The NCI assigns a complexity factor to each major piece of refinery equipment based on its complexity and cost in comparison to crude oil distillation, which is assigned a complexity factor of 1.0. The complexity of each piece of refinery equipment is then calculated by multiplying its complexity factor by its throughput ratio as a percentage of crude distillation capacity. Adding up the complexity values assigned to each piece of equipment, including crude distillation, determines a refinery’s complexity on the NCI.

The NCI indicates not only the investment intensity or cost index of the refinery but also its potential value addition. Thus, the higher the index number, the greater the cost of the refinery and the higher the value of its products.

In the second edition of the book Petroleum Refinery Process Economics (2000), author Robert Maples notes that U.S. refineries rank highest in complexity index, averaging 9.5, compared with Europe's at 6.5. The Jamnagar Refinery belonging to India-based Reliance Industries Limited is now one of the most complex refineries in the world with a Nelson complexity index of 21.1.

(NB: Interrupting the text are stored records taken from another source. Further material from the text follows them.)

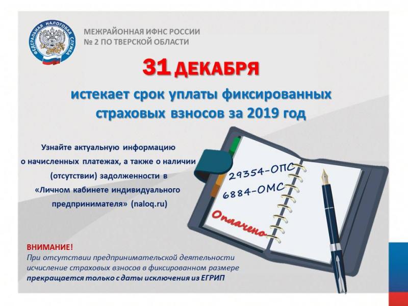 Межрайонная ИФНС России № 2 по Тверской области напоминает, что 31 декабря 2019 года истекает срок уплаты страховых взносов в фиксированном размере: 29354 рубля - взносы на обязательное пенсионное страхование (ОПС), 6884 рубля - взносы на обязательное медицинское страхование (ОМС).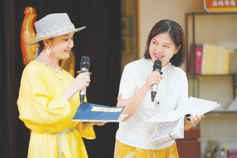 87版《紅樓夢(mèng)》襲人扮演者袁玫(右)與妙玉扮演者姬玉誦讀“讀西廂”。北京日?qǐng)?bào)記者 方非攝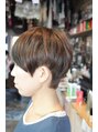 見た目にわからない程度の2ブロックのショートにしています。フロント部分に暗めのカラーリングを施すことによって頭の形も綺麗に見せることができます。襟足は首元に沿うようにカットしています。

The Oil and Gas Journal annually calculates and publishes a list of refineries with their associated Nelson complexity index scores.

==Complexity factors==
Some complexity factors for various processing units:

| Unit | 1998 Reports | Older Reports |
|---|---|---|
| Crude oil distillation unit (CDU) | 1.0 | 1.0 |
| Asphalt | 1.5 | 1.5 |
| Vacuum distillation | 2.0 | 2.0 |
| Thermal processes | 2.75 | 5.0 |
| Catalytic hydrorefining | 3.0 | 3.0 |
| Catalytic reforming | 5.0 | 5.0 |
| Catalytic cracking | 6.0 | 6.0 |
| Catalytic hydrocracking | 6.0 | 6.0 |
| Alkylation / Polymerization | 10.0 | 10.0 |
| Oxygenates | 10.0 | 10.0 |
| Aromatics / Isomerisation | 15.0 | 15.0 |
| Lubricants | 60.0 | 10.0 |

==Example==
If an oil refinery has a crude oil distillation unit (CDU) (100 kbd), vacuum distillation unit (60 kbd), and catalytic reforming unit (30 kbd), then the NCI will be 1*(100/100) + 2*(60/100) + 5*(30/100) = 1.0 + 1.2 + 1.5 = 3.7.